И тут из каната вдруг выступили все его прямые предки по мужской линии, от самого неолита, когда еще они пришли с Дона, человек всего 125 или 150, в возрасте от 25 до 30 лет, и все на индоевропейских своих наречиях спрашивали его, неужто он думает, что можно просто так взять и кончиться. Выйдя из каната, они грозным строем надвигались на него.
Он заметил, что особенно горячились последние десять-двадцать поколений, а чем дальше в века, тем они делались спокойней. Древнейший же предок, стоя в сторонке, озирал равнину, на которой паслись приземистые кони; их гривами играл ветер. Все до горизонта вдруг заслонили ели. Солнечные лучи ударяли почти отвесно, били по твердому изо всех сил, падали, как удары гонга.
— Неужели нам не влезть в будущее, — кричал предок из второй половины семнадцатого века, — тебя-то мы втащили в твое «вспять»! Не знаешь ты разве, что человек лишь отрезок каната?

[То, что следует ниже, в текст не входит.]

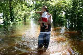 HUIMANGUILLO, TABASCO, 08NOVIEMBRE2009.- Continuan alarmantemente los desborde del río Tonala en esta zona de la Chontalpa lo que esta provocando que las inundaciones aumenten en nuevas comunidades que en días pasadas no tenian peligro. En estos lugares se ven afectadas centro escolares, y demás viviendas donde las aguas son profundas a más de tres metros de profundidad. FOTO: MARCO POLO GUZMÁN HERNÁNDEZ/CUARTOSCURO.COM

— Что такое будущее? — спросил Лео, глянул вниз, вдоль рядов, и обернулся к своему отцу, который стоял рядом. Тот схватился за грудь, вынул оттуда сердце на золотой цепочке, поднес к уху и сказал:
— Пора.
— Что такое будущее? — кричал Лео.
— Ступай вспять, — кричал почтенный предок из семнадцатого века, — и все будет так, как прежде, но канат станет длинней, в этом-то все и дело.
Канатчик вышел из своего домика, и все к нему обернулись, а он вынул изо рта кусок колбасы. Лицо у него было веселое.
— Лео, — сказал он. — Скоро нам пропадать, через несколько дней нам пропадать. Это канат не простой, это канат от океанского теплохода, он скрепит континенты, если они снова начнут сливаться.
— Что же скажут наши предки, если мы кончимся? — спросил Лео.
— Они будут нам подпевать, что бы мы ни запели, — сказал канатчик.
— Я такой немузыкальный, — сказал Лео.
И это была неправда.
Последний сон имел совсем иной графический очерк. Многие пики сменились просторной высью и грядой холмов, наступившей на опустелую равнину.
Прямо перед собой он увидел штакетник, и открытую калитку, и тополь, подле которого стоял велосипед с проколотой шиной. С дороги неслись голоса, знакомые голоса; когда они проходили мимо, он всех их узнал. Они были такие радостные, и ему захотелось их окликнуть. Ему захотелось крикнуть: «Эгей!»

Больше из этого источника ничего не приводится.